- ASSIGNMENT:
Every entry, start to finish, should be printed verbatim without pictures.

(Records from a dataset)
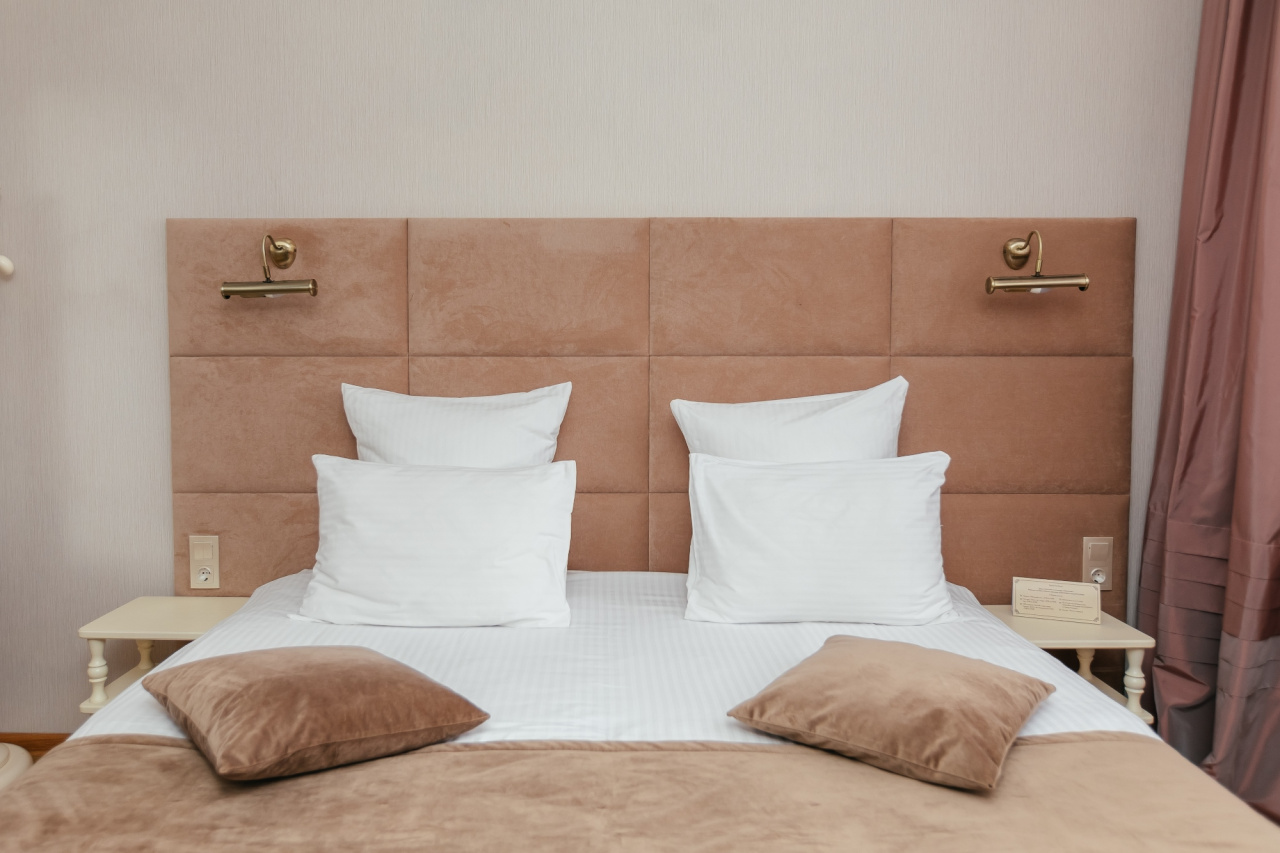 Однокомнатный номер: двуспальная кровать, прикроватные тумбы, журнальный столик, комод, туалетный столик с зеркалом, кресло, мини бар (заполняемость мини бара не входит в стоимость номера, приобретается за отдельную плату), чайная станция и питьевая вода 1 бут. для каждого гостя, телевизор. 2 основных места / 1 дополнительное место (предоставляется на раскладушке).
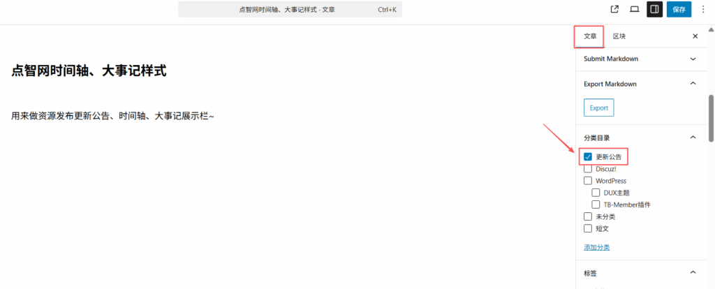DUX 9.5主题用快讯分类样式做更新公告、时间轴、大事记的教程经验记录:
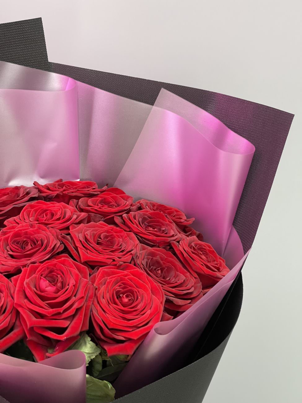 Букет из 15 роз «Артемида» - букет, который привлекает внимание своим уникальным оформлением и необычным цветовым решением
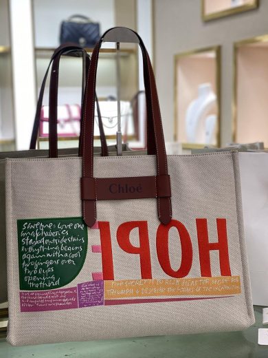CHLOE CORITA KENT LARGE TOTE IN EMBROIDERED ARTWORK & SHINY CALFSKIN CHC21US384E6927S
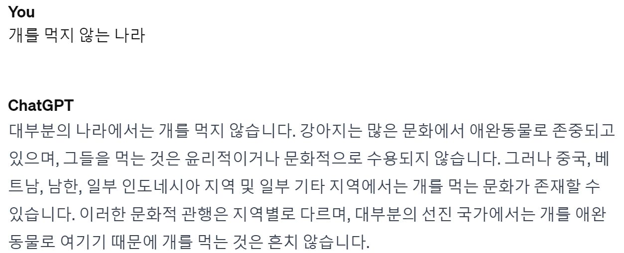 다음은 챗gpt에 개를 먹지 않는 나라로 검색해 본 결과입니다 개를 먹는 일부 나라에 남한이 포함 되 있는 답변도 이제 수정이 필요하겠네요
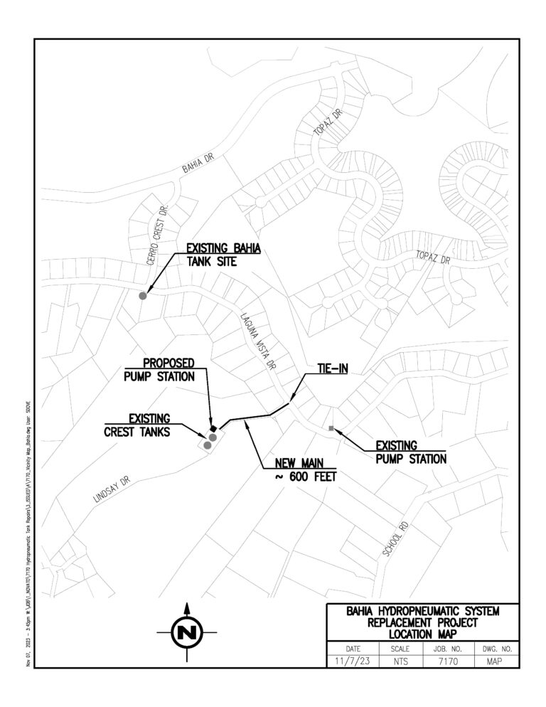 In 2022, the District conducted an engineering assessment of each hydropneumatic system and the Bahia system was identified as the top candidate for replacement. The Bahia system includes an existing underground pressure tank and pump station, each located on Laguna Vista Drive. The project will decommission and replace both of those facilities with new above-ground pressure tanks and a pump station located at the District’s nearby Crest Tank site.
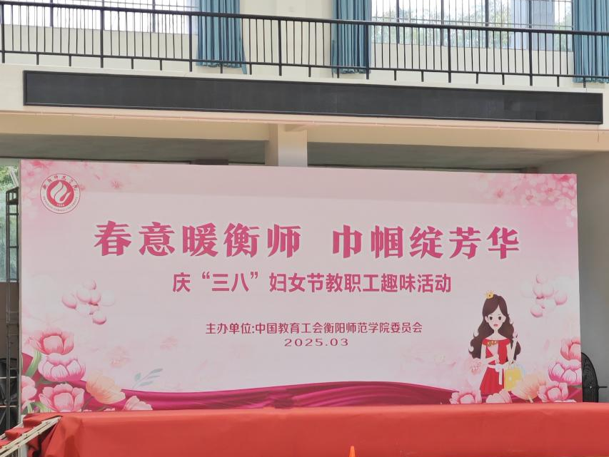 阳春三月,微风拂柳,万物复苏。在这充满希望与温暖的季节里,我们迎来了第 115 个“三八”国际劳动妇女节。为向全体女教职工致以节日的问候与祝福,丰富她们的精神文化生活,增强团队凝聚力,我校于 2025 年 3 月 8 日在新校区室内篮球馆举办了主题为“春意暖衡师,巾帼绽放芳华”的教职工趣味活动。
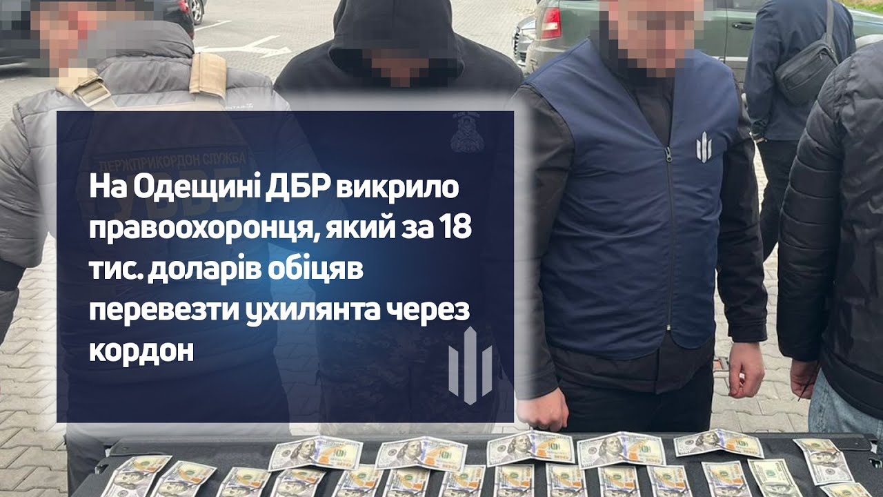 Працівники ДБР у взаємодії з СБУ та УВВБ Держприкордонслужби викрили в Одеській області правоохоронця зі спільником, які хотіли за 18 тис. доларів США перевезти чоловіка через кордон до Молдови.
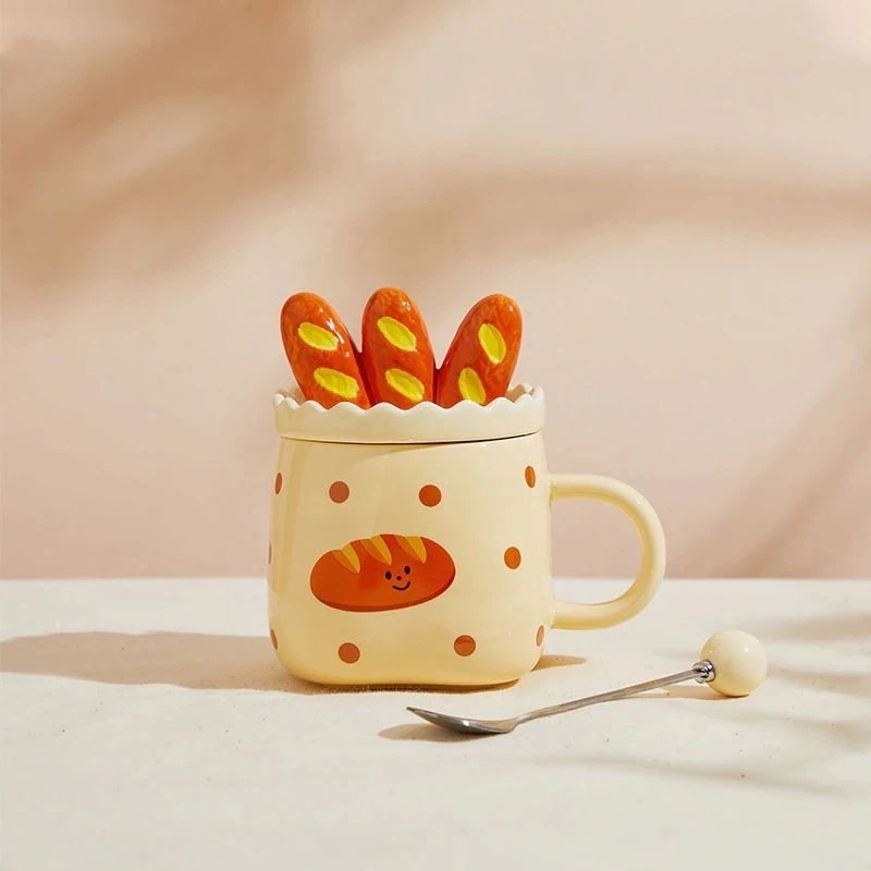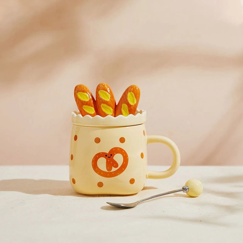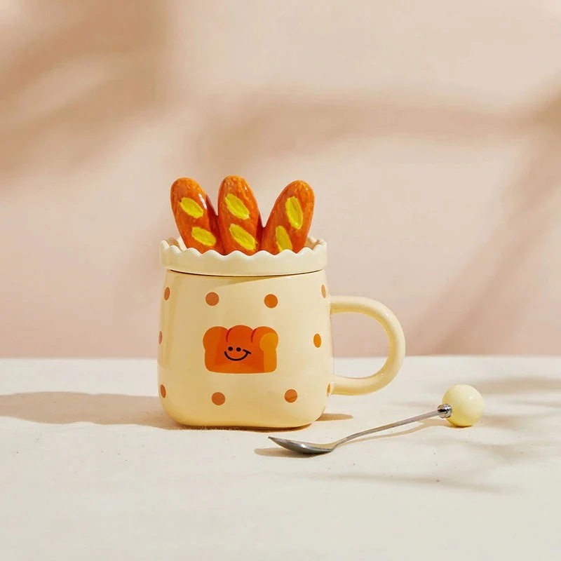 【人気爆売れ中】新作 パン型マグカップ 蓋付きスプーン添え 女性用 家庭用 ミルクカップ 朝食カップ カップルコップ アフタヌーンティーカップ コーヒーカップ 耐熱 日常使い おしゃれ雑貨

- SOLUTION FOR THIS EXERCISE:
 Однокомнатный номер: двуспальная кровать, прикроватные тумбы, журнальный столик, комод, туалетный столик с зеркалом, кресло, мини бар (заполняемость мини бара не входит в стоимость номера, приобретается за отдельную плату), чайная станция и питьевая вода 1 бут. для каждого гостя, телевизор. 2 основных места / 1 дополнительное место (предоставляется на раскладушке).
DUX 9.5主题用快讯分类样式做更新公告、时间轴、大事记的教程经验记录:
 Букет из 15 роз «Артемида» - букет, который привлекает внимание своим уникальным оформлением и необычным цветовым решением
CHLOE CORITA KENT LARGE TOTE IN EMBROIDERED ARTWORK & SHINY CALFSKIN CHC21US384E6927S
 다음은 챗gpt에 개를 먹지 않는 나라로 검색해 본 결과입니다 개를 먹는 일부 나라에 남한이 포함 되 있는 답변도 이제 수정이 필요하겠네요
 In 2022, the District conducted an engineering assessment of each hydropneumatic system and the Bahia system was identified as the top candidate for replacement. The Bahia system includes an existing underground pressure tank and pump station, each located on Laguna Vista Drive. The project will decommission and replace both of those facilities with new above-ground pressure tanks and a pump station located at the District’s nearby Crest Tank site.
 阳春三月,微风拂柳,万物复苏。在这充满希望与温暖的季节里,我们迎来了第 115 个“三八”国际劳动妇女节。为向全体女教职工致以节日的问候与祝福,丰富她们的精神文化生活,增强团队凝聚力,我校于 2025 年 3 月 8 日在新校区室内篮球馆举办了主题为“春意暖衡师,巾帼绽放芳华”的教职工趣味活动。
 Працівники ДБР у взаємодії з СБУ та УВВБ Держприкордонслужби викрили в Одеській області правоохоронця зі спільником, які хотіли за 18 тис. доларів США перевезти чоловіка через кордон до Молдови.
 【人気爆売れ中】新作 パン型マグカップ 蓋付きスプーン添え 女性用 家庭用 ミルクカップ 朝食カップ カップルコップ アフタヌーンティーカップ コーヒーカップ 耐熱 日常使い おしゃれ雑貨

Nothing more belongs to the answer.